The final tally for the day: 38 patients.
Acute, resolving: 25
Acute, progressing: 1
Chronic, maintenance vital: 8
Chronic, unresponsive: 1
Chronic, maintenance, acute exacerbation: 1
New patients: 2.
It had been a long day, and I was exhausted. It was a beautiful spring evening, just light enough to ride home without the dynamo acting like an anchor. March wasn’t waving her tail, as she is want to do in Holland, and I decided to make the half hour ride, rather than take the bus, knowing that I would arrive sweaty but refreshed, ready for a hot shower and a game of scrabble with she who must be obeyed. This is Holland after all, and ‘thuis, vrouw is baas’. At home, Helen is without a doubt the boss!
‘What’s the matter, Bernie?’ Helen emerged after supper from the shower, with just a towel wrapped around her, steam rising from her still pink skin. Normally I would immediately lose all interest in the book or report that I was working on, but after one glance at her, I returned to my deliberations on the day’s tally. She walked over to where I was engrossed at the computer.‘I hurt a lady quite badly this week with a bit of carelessness. I’m trying to decide whether these maintenance treatments are really justified.’

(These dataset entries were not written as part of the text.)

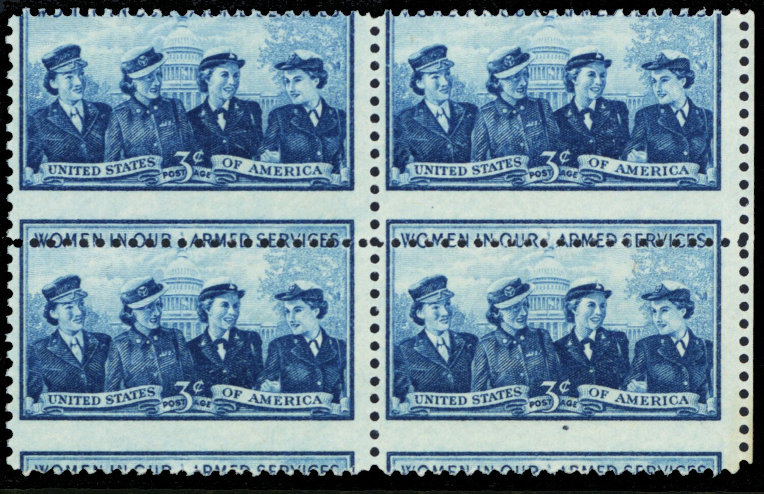 1013, Mint NH 3¢ Misperfed Freak Error Block of Four * Stuart Katz
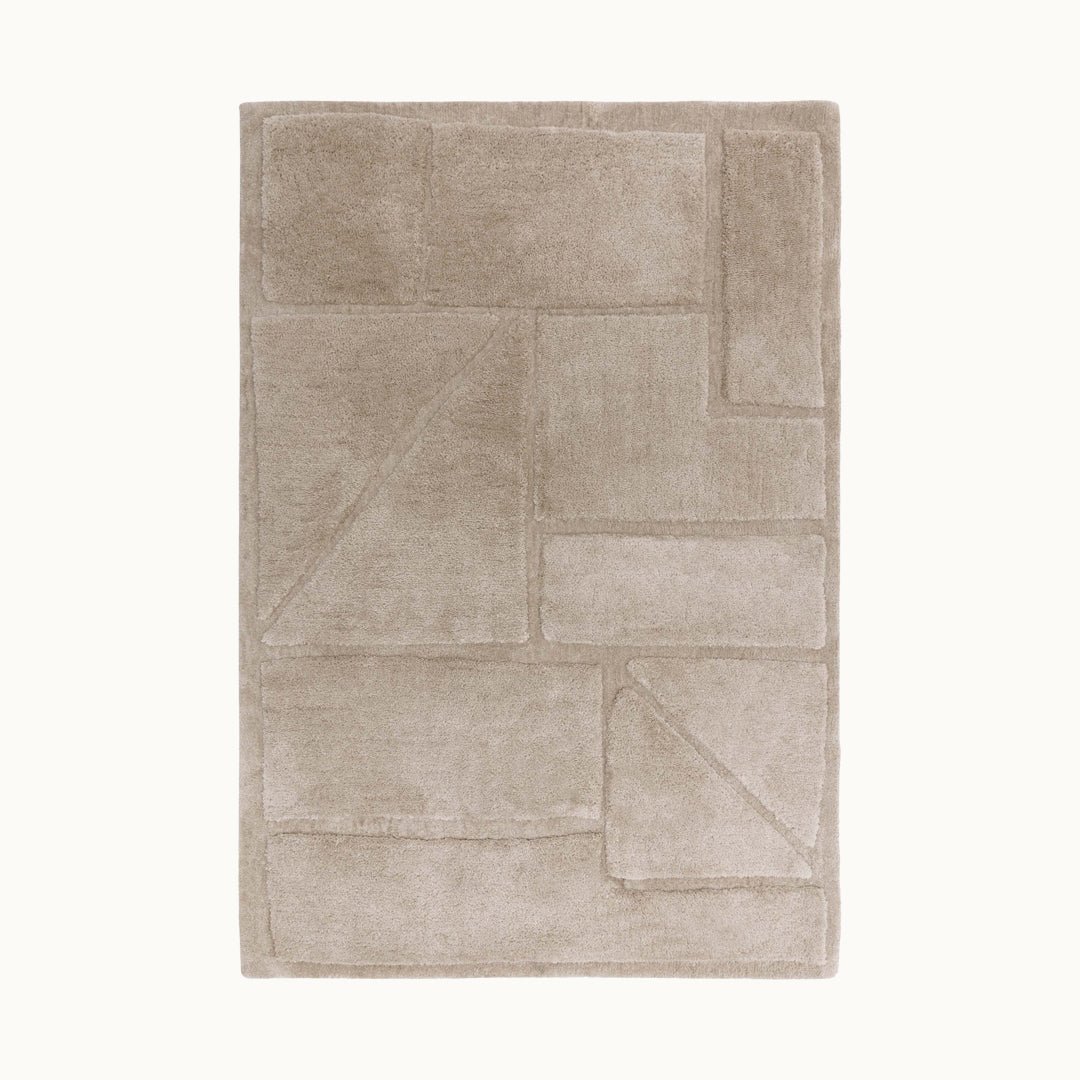 Penelopeは上品なサンドカラーに積み木パズル模様がデザインされたアートラグです。視覚的にインパクトがあり、空間に立体感をもたらします。
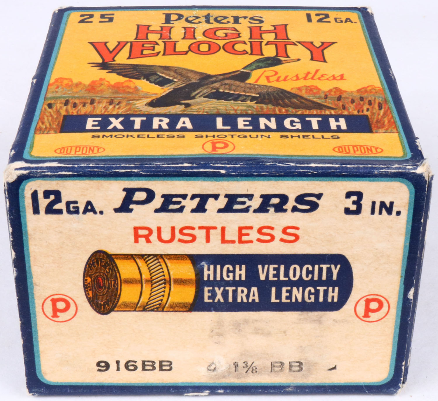 Peters Cart. Co., Bridgeport, CT, High Velocity Extra Length, 12ga., 1pc., Full, 3'', shot size BB, multi colored box that pictures mallard flying out of the marsh grass, box is very solid with great colors & light edge wear, shells are excellent. Grade: Excellent + - Value: 20 to 80
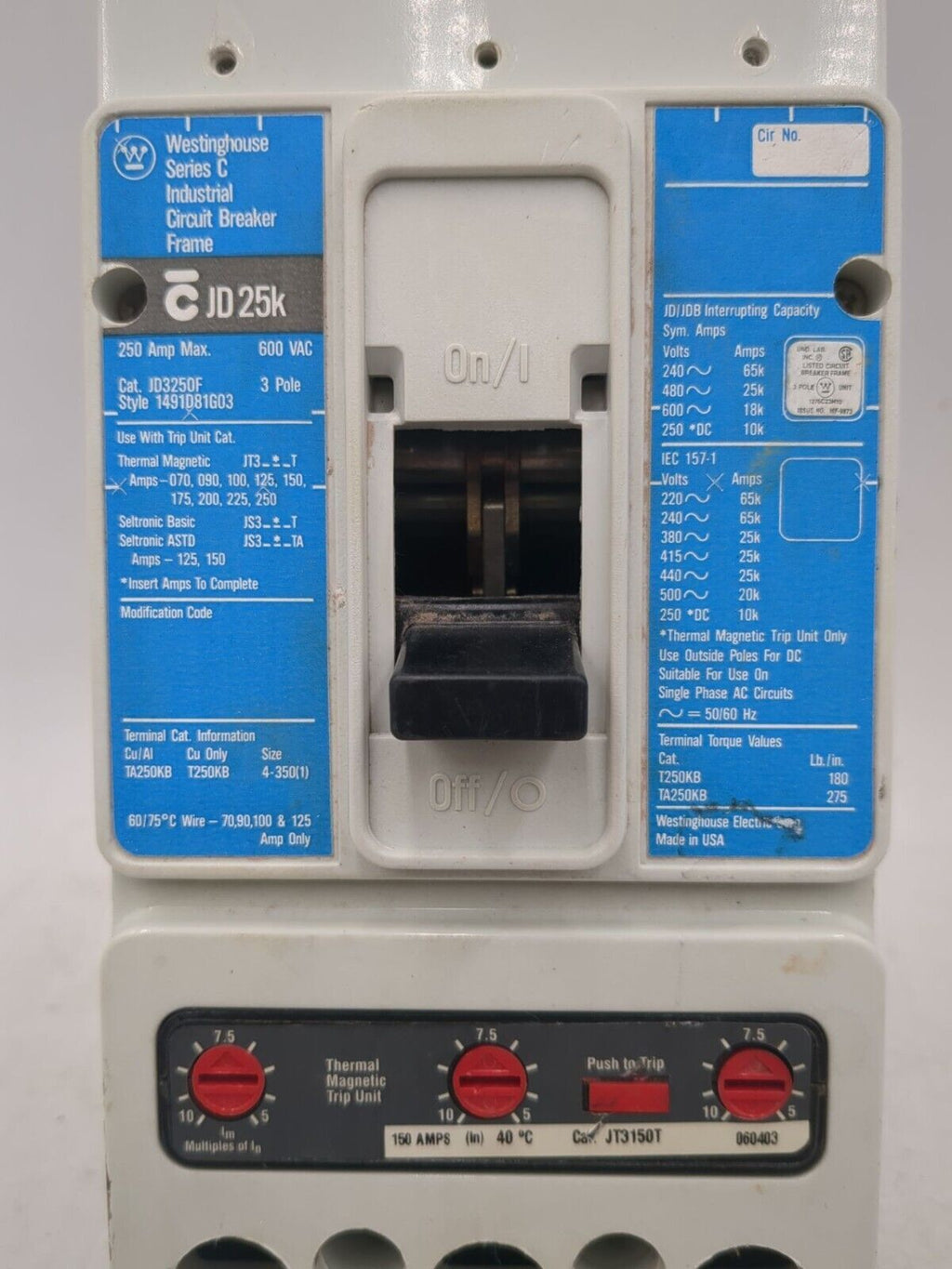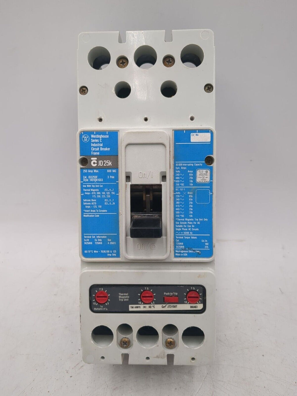 Westinghouse JD3250 Circuit Breaker 150A 3P 600V JT3150T Trip 150 Amp
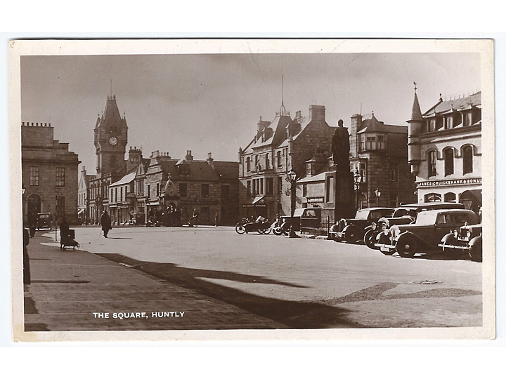 Real photographic postcard of The Square in Huntly with parked vintage cars, in good condition, slight corner discolour bottom left.
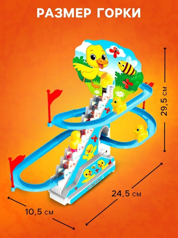 - Утята сами поднимаются по эскалатору и скатываются с горки.
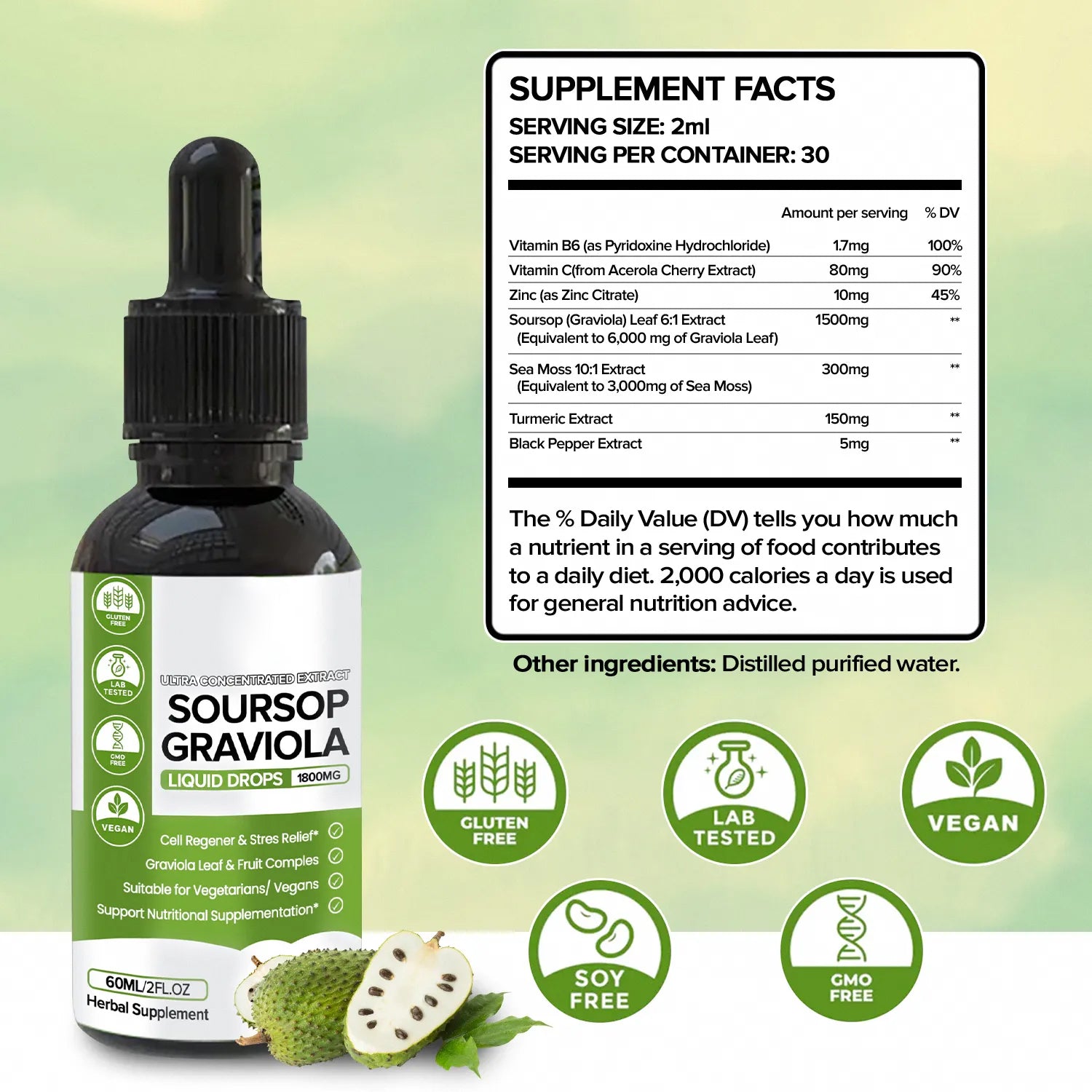 Unlock the incredible benefits of100% Pure Organic Soursop Extract, a natural powerhouse packed with antioxidants and essential nutrients. Sourced from the finest organic soursop fruits, this extract isfree from chemicals and additives, ensuring purity and quality in every drop
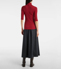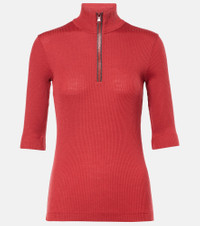 Ribbed wool jersey turtleneck t-shirt with precious half zip
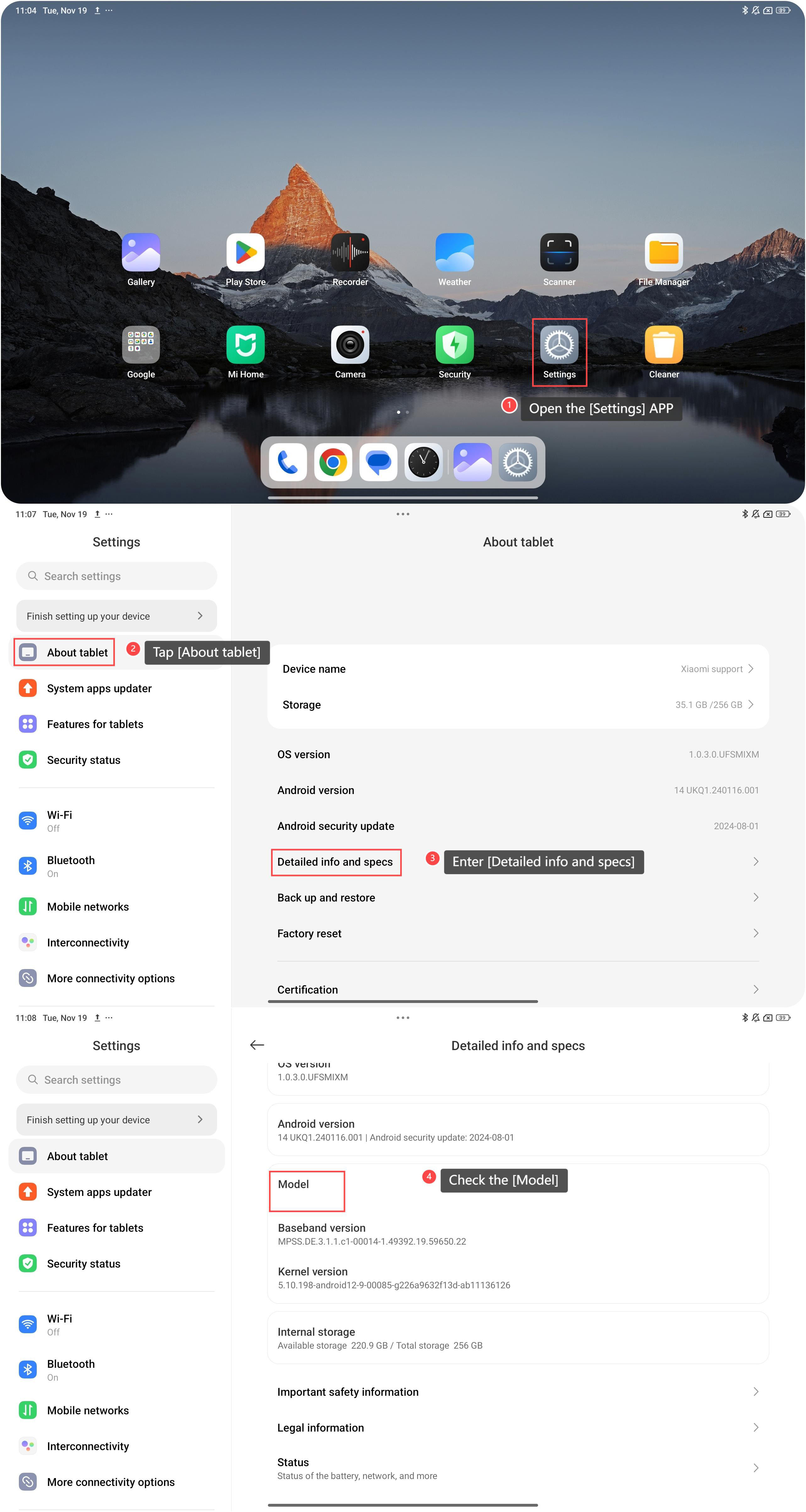 4. Desplácese hacia abajo ypodrá verificar el [Modelo] de su tableta.
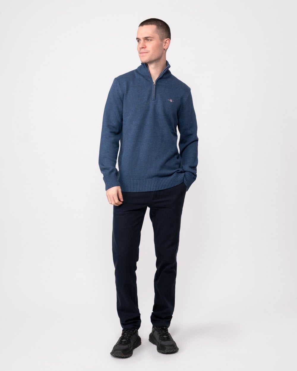 GANT Mens Casual Cotton Half Zip Jumper in 902 Dark Jeansblue Melange
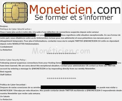 - Vous n’êtes pas adhérent : Si après un examen de votre demande (utiliser la rubrique commentaires en bas de chacune de nos pages ou sur Twitter à @Moneticien), nous constatons une ou plusieurs actions douteuses (ex: tentative de copie de notre contenu, tentatives d’accès avec un mot de passe erroné aux publications protégées, etc.). Nous ne pourrons pas rétablir l’accès à notre site car votre bannissement est justifié. Dans le cas contraire, nous vous contacterons par téléphone ou par courriel pour vous informer de notre intervention pour rétablir votre connexion.
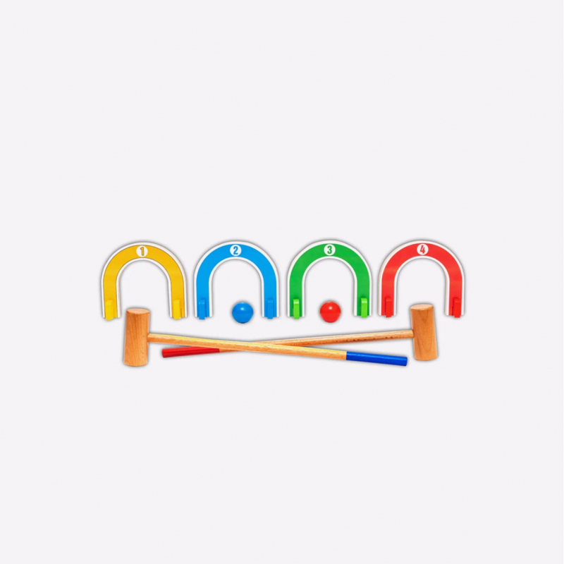 • This 8-piece colourful croquet set made from non-toxic, safety-tested and kids-friendly material.
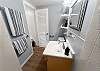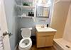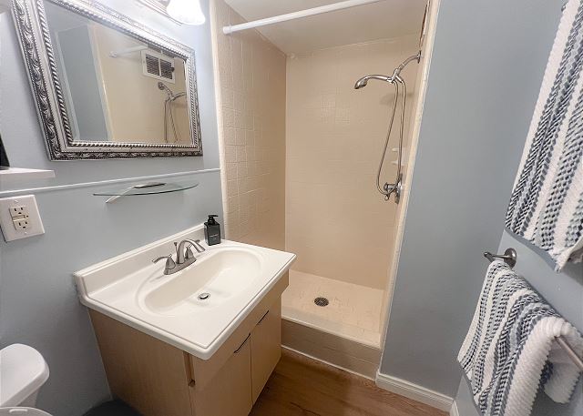 Our home offers queen size bed in the living area (sleeps 2) and full bathroom with vanity area and shower/tub combo.
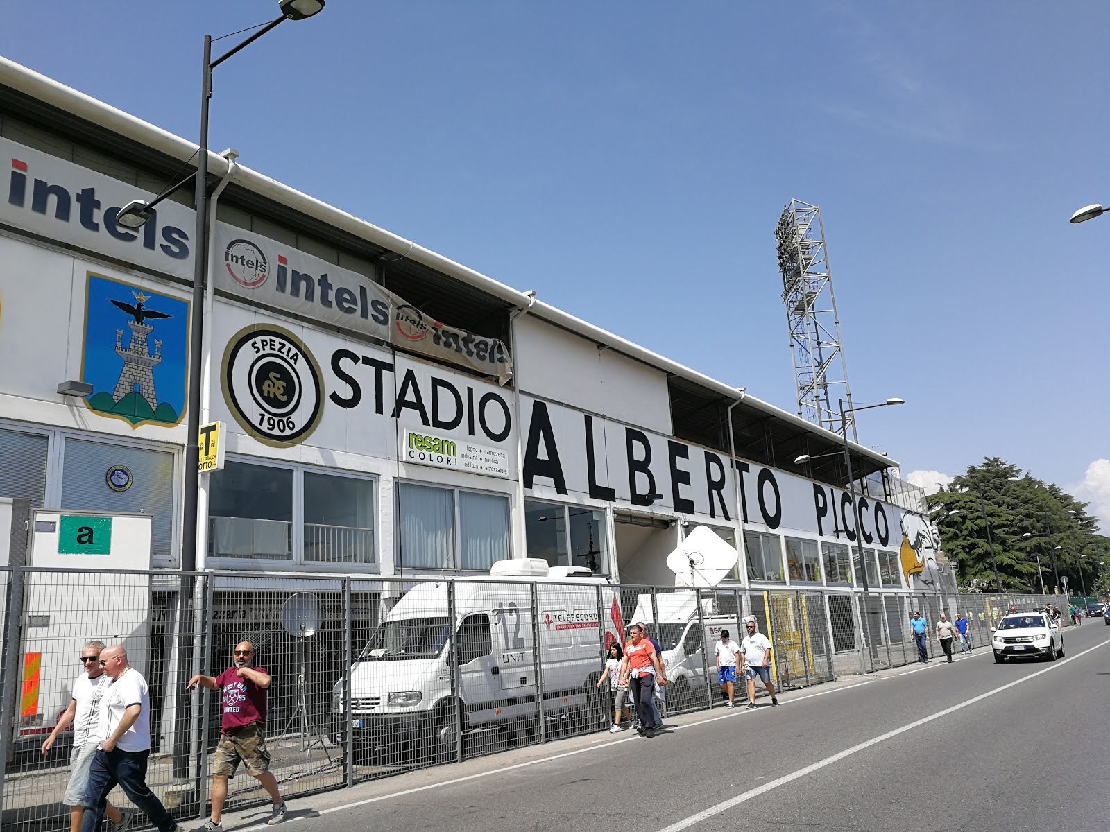Het is het met net 10.000 plaatsen het kleinste stadion van de Serie A, het Stadio Alberto Picco, direct aan de haven van La Spezia. Waar je in Italië nog wel eens ziet dat ook kleine clubs in een betonnen bak met tienduizenden plaatsen spelen, is het bij Spezia allemaal erg bescheiden. Het stadion was dermate onvoorbereid op Serie A-voetbal dat Spezia het eerste halfjaar op het hoogste niveau thuis speelde in Cesena, meer dan 300 kilometer verderop.
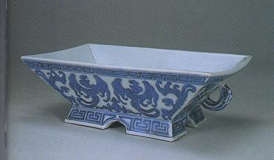 方形器物最難制作,因造坯時,要棱角正直,結(jié)合緊密,上下左  右要對稱。此簋仿青銅器,做工精細(xì),造型優(yōu)美,給人以古樸莊重之  美感。高7.7cm,口徑23.7*14.3cm。主題紋飾為騰躍飛舞的夔鳳紋,青花顏色明快。底款為朱紅“鋤  月山莊仿吉”,鋤月山莊是清代光緒時期景德鎮(zhèn)瓷器堂名款。

‘I’m not really sure. I changed the usual protocol I had being using to treat her. Not sure why. Too much of a hurry I suppose. Anyway she came in happy as lark with chiropractic and left very disgruntled. I hope she gets better again.’
‘How often does it happen?’
‘Not very, but perhaps too often. Perhaps I should go back to my old philosophy of, if it’s not broken, don’t fix it.’‘What are the benefits?’ She put her arm on my shoulder, concerned. It’s not often I get down, even slightly depressed.‘For me, I will soon be able to buy that Harley!’
‘Oh, go on! You know what I mean. What are the benefits for the patient?’
‘I don’t know of any research proving anything, but we think it helps prevent relapses, and keeps the joints mobile. What has been proved with white mice …
‘Poor white mice,’ she interjected.
‘… we do know that the histological signs of cartilage degeneration begin within thirteen hours of spinal fixations being induced. But then you get these acute exacerbations from the maintenance care every now and again.’
‘Does medicine get these ‘exacerbations’ as you call them?’
‘I guess. We call it iatrogenic disease. Doctor-caused disease.’
‘Didn’t you once tell me that it’s the third most common disease? How do you rate?’